Task to complete >>
Print the whole listing exactly as it appears, but skip the pictures.

Data >>
Content starts
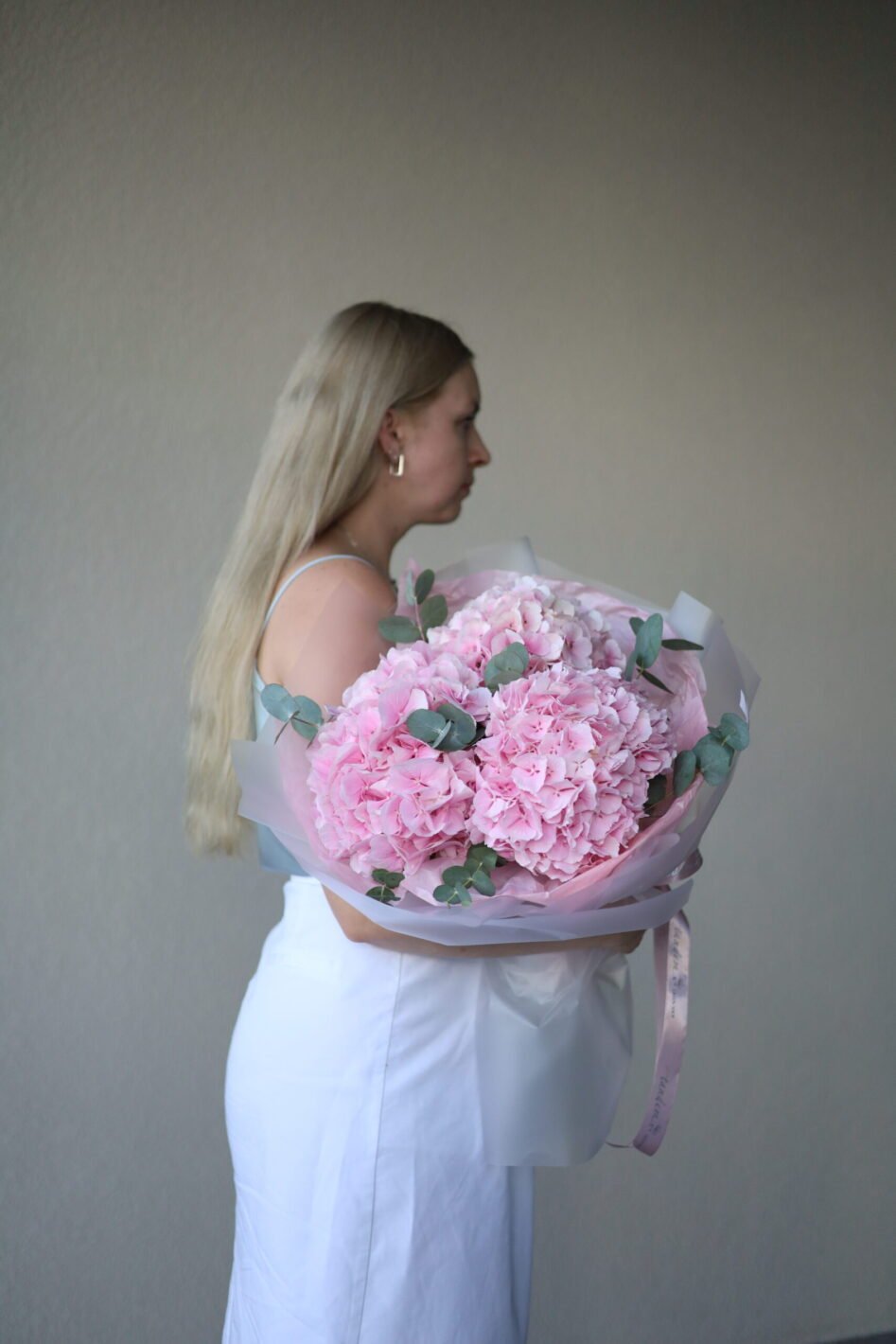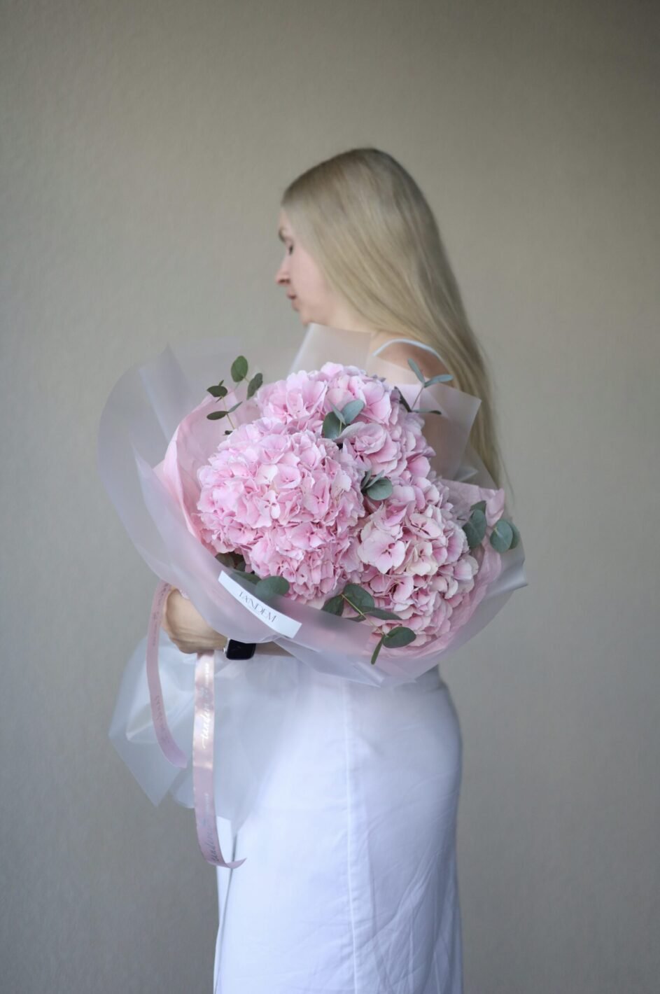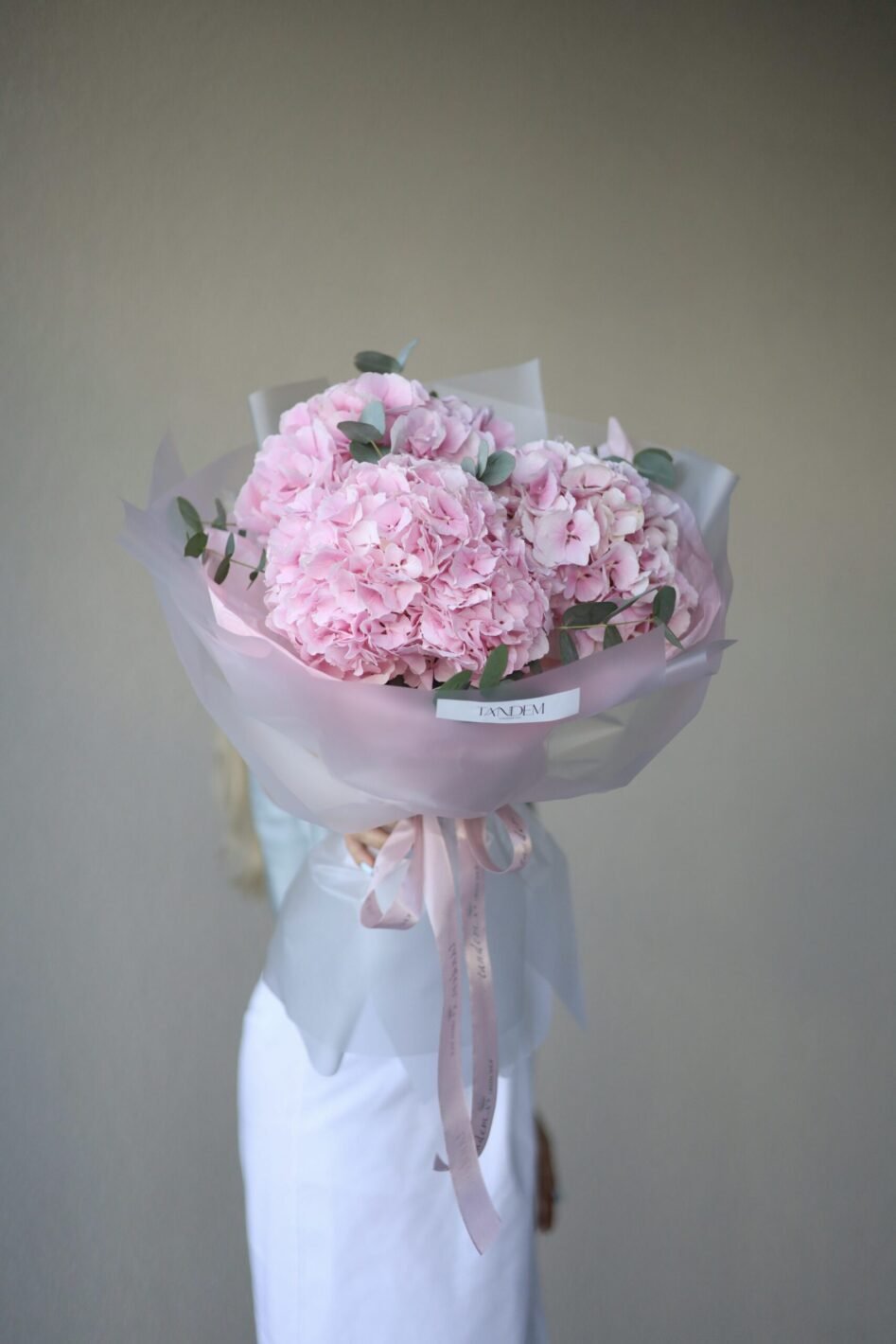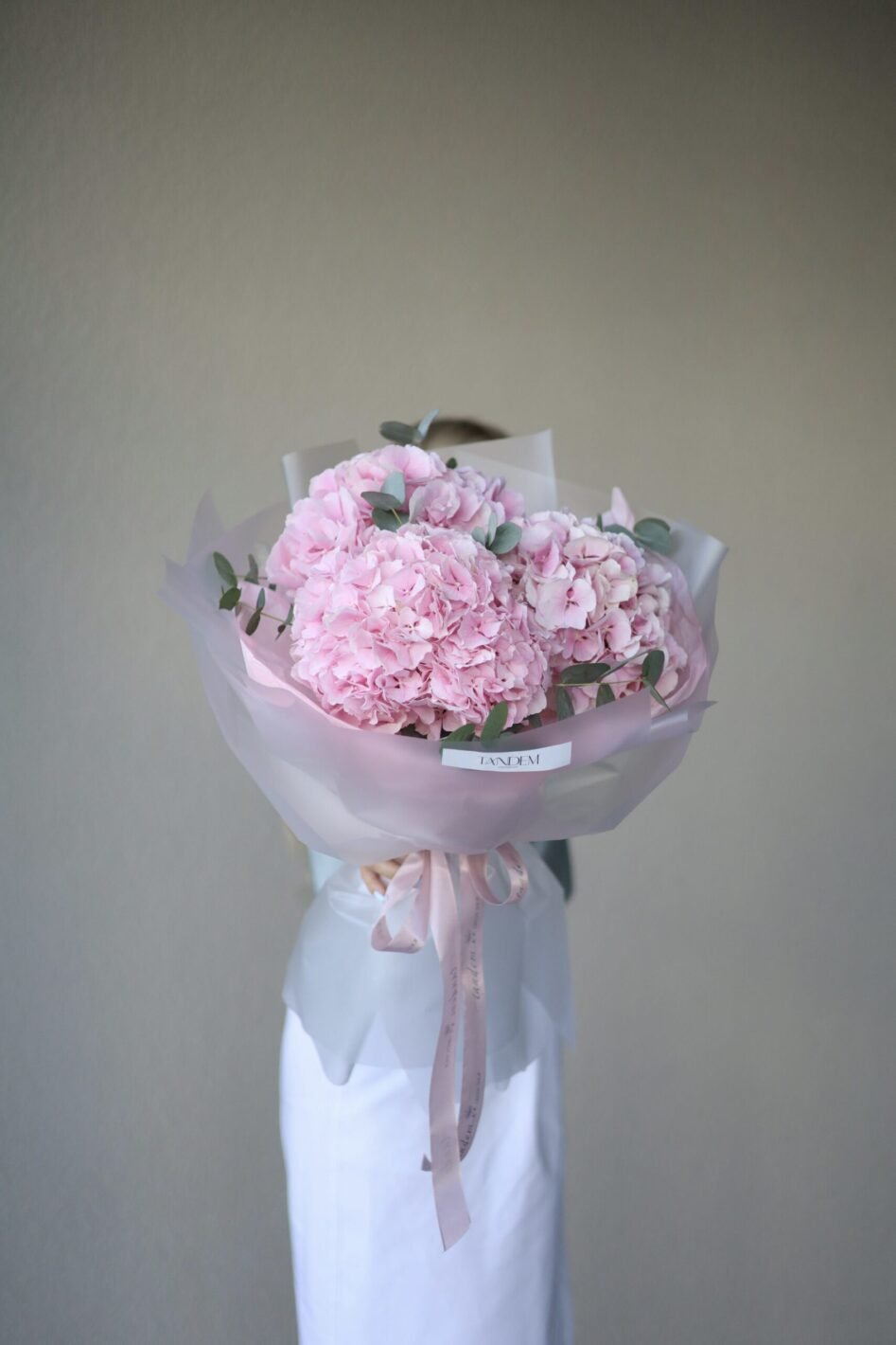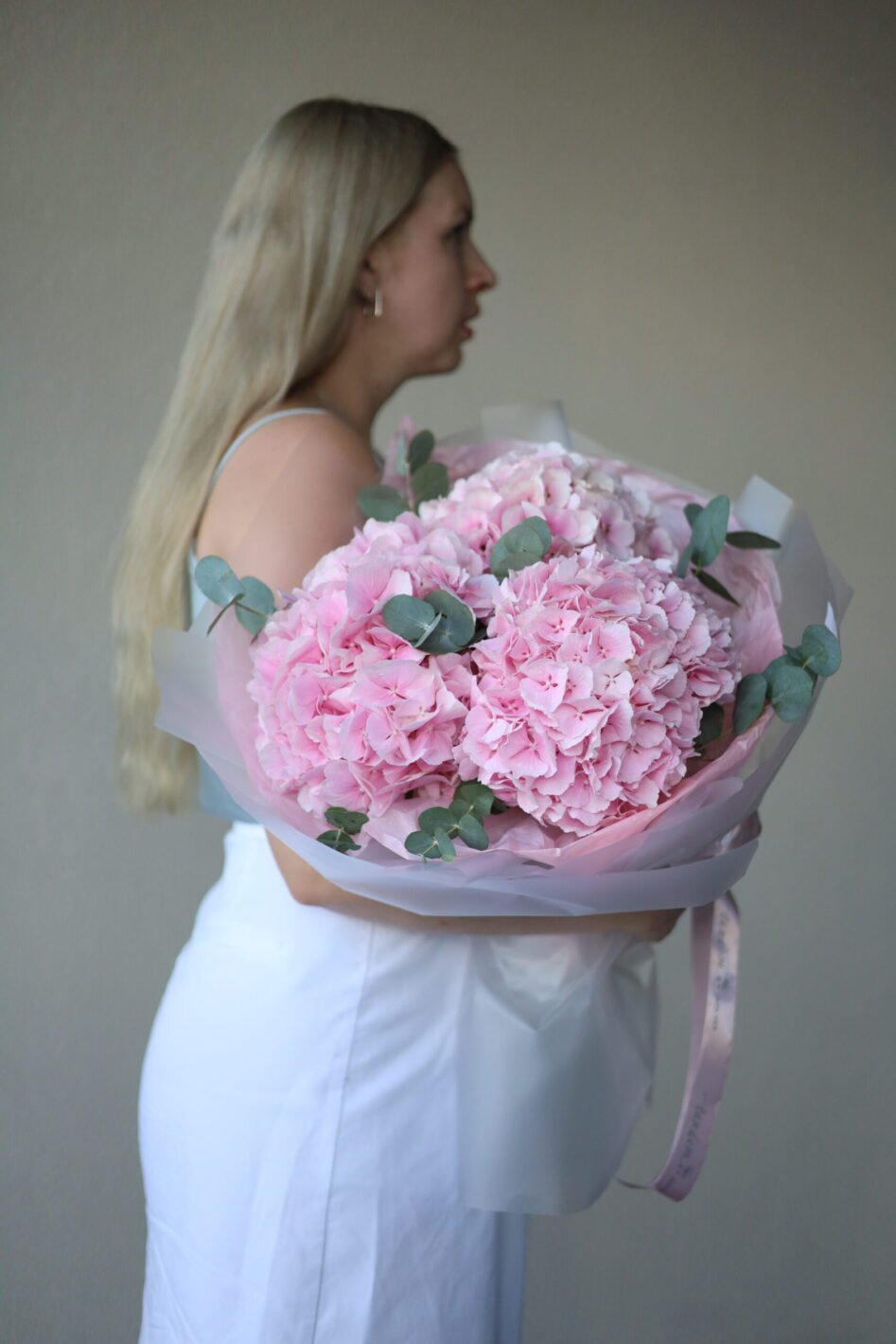 Monobouquet of pink hydrangea with eucalyptus
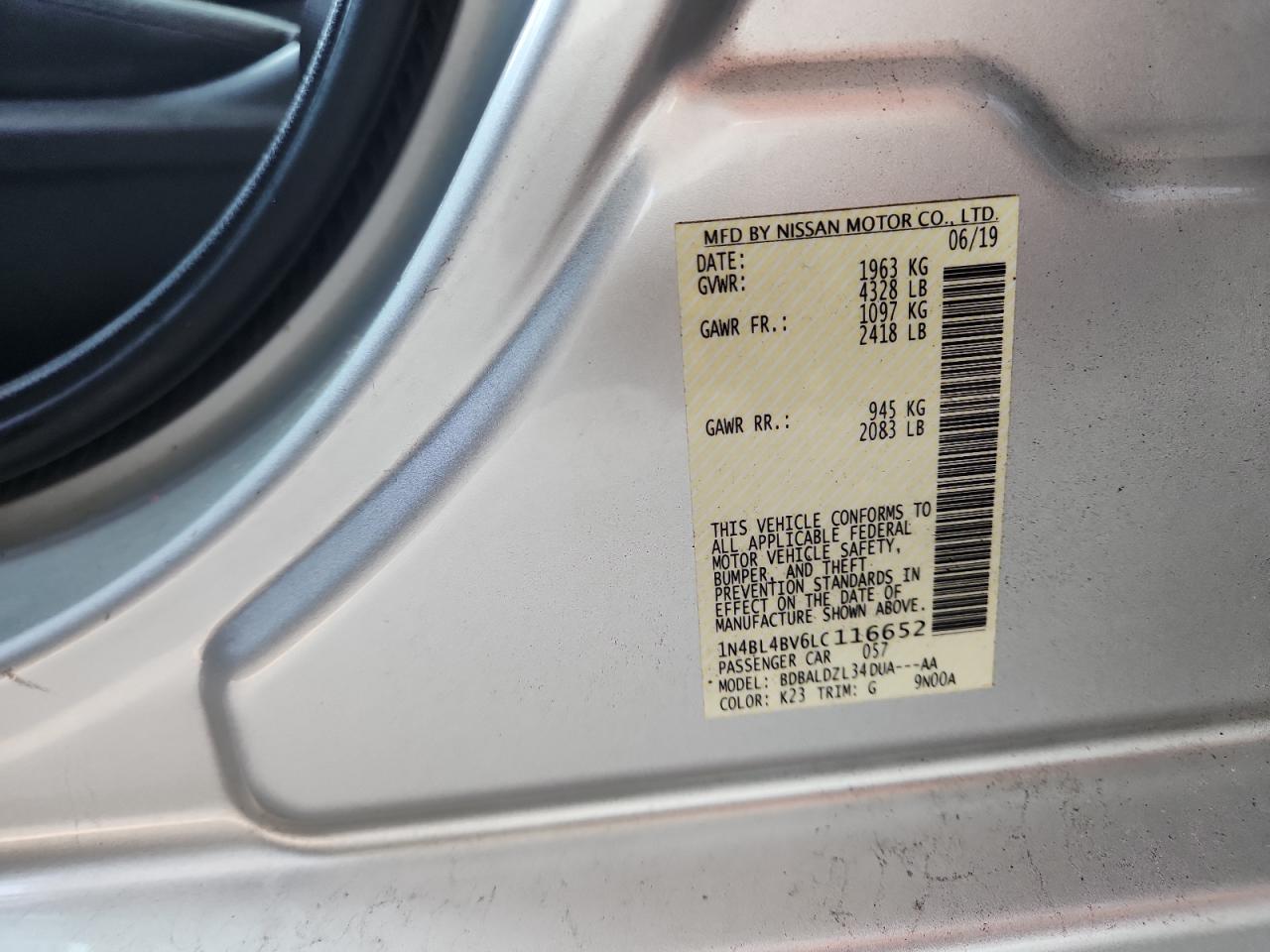 - ВИН: 1N4BL4BV6LC******
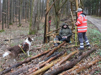 Drei Vermisste, die wahrscheinlich medizinische Hilfe benötigen, müssen in einem weitläufigen Waldstück gefunden werden. Diesem Szenario stellten sich die Rettungshundeteams des DRK-Kreisverbandes bei einer Übung am Helenenhof.
Content ends
The completed task >>
 Monobouquet of pink hydrangea with eucalyptus
 - ВИН: 1N4BL4BV6LC******
 Drei Vermisste, die wahrscheinlich medizinische Hilfe benötigen, müssen in einem weitläufigen Waldstück gefunden werden. Diesem Szenario stellten sich die Rettungshundeteams des DRK-Kreisverbandes bei einer Übung am Helenenhof.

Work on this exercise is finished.